On Sunday 31st May 2020, Zohra was brought to the Begum Akhtar Rukhsana Memorial Hospital with extreme injuries. According to the police, the suspect admitted that he and his wife had beaten Zohra after she let his "expensive pet parrots escape from their cage".
Zohra sustained injuries to her face, hands, below her rib cage and legs. She also had wounds on her thighs, which suggested that she might have been sexually assaulted. Zohra died from the injuries she sustained.
Pakistan has a shameful history of child abuse cases. Back in 1999, a man confessed to the murder of 100 runaway boys and orphans living on the streets of Lahore and disposed of their bodies using vats of hydrochloric acid. In 2016, judge Raja Khurram Ali Khan and his wife, Maheen Zafar, were convicted for torturing their 10-year-old maid, Tayyaba. In 2018, seven-year-old Zainab Ansari was raped and murdered her body found in a rubbish skip.
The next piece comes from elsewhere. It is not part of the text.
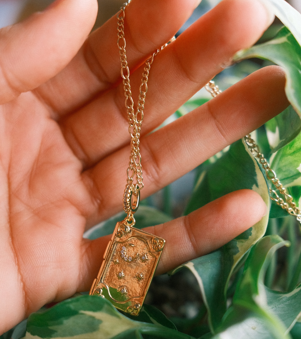 Care Instructions: To preserve the magic, handle your Bookish Locket Necklace with the same care you handle your most cherished books. Avoid exposure to harsh chemicals and moisture, remove before engaging in activities that may cause friction, and clean gently with a soft, lint-free cloth. Store your pieces in a dry place, away from abrasive surfaces.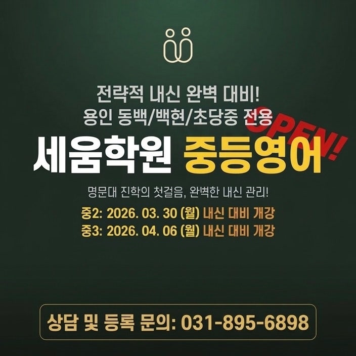 기흥고가 기흥구청주변학교에서 내신 시험이 제일빠릅니다. 교과서1과와 프린트변형 문제가 주로 출제됩니다. 구갈중 2학년의 경우 1과와4과가 시험범위입니다. 특히 4과의 수동태가 아이들에게 많은 공부량을 요구할겁니다. 작년의 경우 2학기 중간고사에 등장했던 수동태가 구갈중의경우 중간고사1학기에등장하게 된거입니다. 지금이라도 늦지 않았습니다. 밀착으로 봐주는 기흥삼성프라자영어교습소로 오셔서 상담 후 등록여부결정하세요. 소수정예 개별진도 모든궁금중들을 해결해 드릴게요. 010 5421 7308 신협건물옆 햄버거가게쪽 건물입니다. 여자원장이 한명한명 끼고 제대로 가르쳐줍니다. <img src="https://blogthumb.pstatic.net/MjAyNjAzMDdfNzMg/MDAxNzcyODgwNzg5NjAx.fFlIGyOZ8Q5zZBfq3pVnFRMYmkmDLrNINuh78J7lsJIg.v5rYpm_4GVfguwbEHpZsp_eX28RiAtZc76fFHOAfYj4g.JPEG/900%A3%DFScreenshot%A3%DF20260305%A3%DF190023%A3%DFCoupang.jpg?type=s3" />

Whilst there has been no comprehensive study on the number of children abused in Pakistan, it is estimated that there are at least 10 new victims per day, although the real number is almost definitely higher. With poverty rife within the country, and an estimated 22.8 million children aged 5-16 not attending school, many are used as domestic workers - with no rights and no protection from the horrific torture and abuse they are made to endure.
In memory of Zohra, and the countless others subjected to child abuse and torture, The Amir Khan Foundation is launching the Zohra Shah Child Protection Fund to protect innocent children from human rights violations across Pakistan.
As well as supporting Zohra's parents and four siblings directly, the fund will take a four-pronged approach to combatting child abuse and child domestic exploitation by:
1. Providing support to victims and their families, though financial aid and trauma therapy where necessary;
2. Bringing perpetrators to justice through public campaigns to highlight individual cases, while also preventing the settlement of cases through financial coercion by working directly with ministers and courts;
3. Building a network of grassroots organisations to lobby for legislative change.
4. Financially supporting projects on the ground, which protect vulnerable children from child abuse.